# mini light Bar



## Bartsnow 1 (Jan 2, 2010)

This is my first post to the site. I am getting ready to set up my first my truck and was wondering what light bar would be the best i am looking at a whelen mini edge 9M or a lil Rebel mini. Any info would be great thanks.


----------



## RepoMan207 (Oct 7, 2008)

I have the Mini edge with 6 strobes, 2 work lights, and 2 alley lights. I love it. Really bright!


----------



## Bartsnow 1 (Jan 2, 2010)

Where did you get yours?


----------



## RepoMan207 (Oct 7, 2008)

Parr, I only paid a little over $600 with shipping, it must have been on sale when I got it, there $699 for the loaded ones.
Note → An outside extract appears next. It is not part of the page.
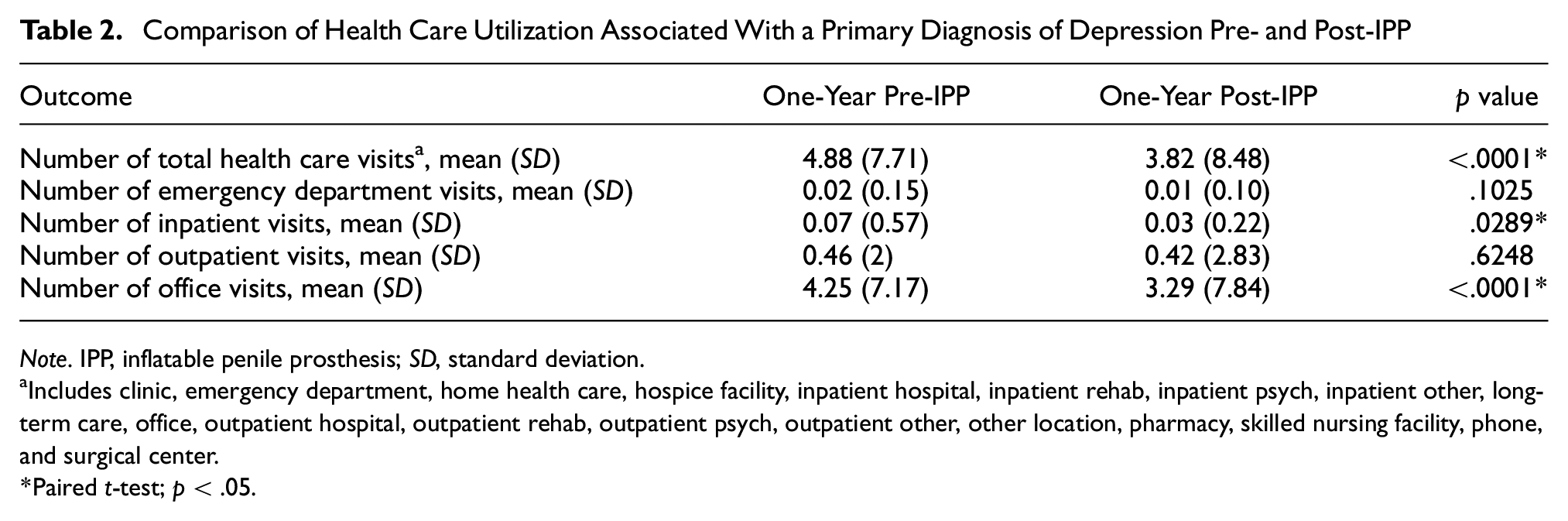 Previous research has observed improvements in depressive symptoms following treatment of ED, including treatment with IPP (Khera et al., 2018; Nackeeran et al., 2021). Limited evidence is available to quantify the association of IPP with subsequent depression-related health care utilization. This study aimed to evaluate health care utilization associated with depression among commercially insured men in the United States who received an IPP to test a hypothesis that the utilization of total health care resources, including emergency department, inpatient, outpatient, and office visits, as well as antidepressant medication use, would be reduced following IPP implantation.

http://www.parrpse.com/page42.html









I bought the "stud mounts" so I could put iton my back rack.


----------



## ShadmorePlowing (Nov 6, 2009)

This is what I have currently, I am looking to sell it.

http://www.plowsite.com/showthread.php?t=95198


----------



## SafetyLighting (Jul 23, 2005)

These are $225 shipped to you.

http://www.soundoffsignal.com/warnamber/lightbars/lb_EPL7000.htm


----------



## Too Stroked (Jan 1, 2010)

We're kind of partial to Star mini bars, but we're only 30 minutes from the factory and we buy them direct. (We use the magnet mount / quad flash strobes.) We have over a dozen of them on everything from pickup trucks to dump trucks to skid steers to back hoes and loaders. That said, we've had virtually no problems with them and some of them are approaching 10 years old. In fact, as hard as I try to talk the boss into something a bit more "modern", he keeps pointing to the reliability and saying "why?"


----------



## dutchman (Aug 20, 2005)

RepoMan207;939771 said:


> Parr, I only paid a little over $600 with shipping, it must have been on sale when I got it, there $699 for the loaded ones.
> 
> http://www.parrpse.com/page42.html
> 
> ...


How are the back up lights do they have a lot of light


----------



## RepoMan207 (Oct 7, 2008)

dutchman;940828 said:


> How are the back up lights do they have a lot of light


Good question. There bright for sure. The only draw back is there obviously up higher. Which is great for overall distance and good illumination at the rear of the truck. However I wanted optimal lighting all around, hence why I added the other work lights to boost the immediate area as well as the overall distance.


----------



## dutchman (Aug 20, 2005)

Thanks for the info


----------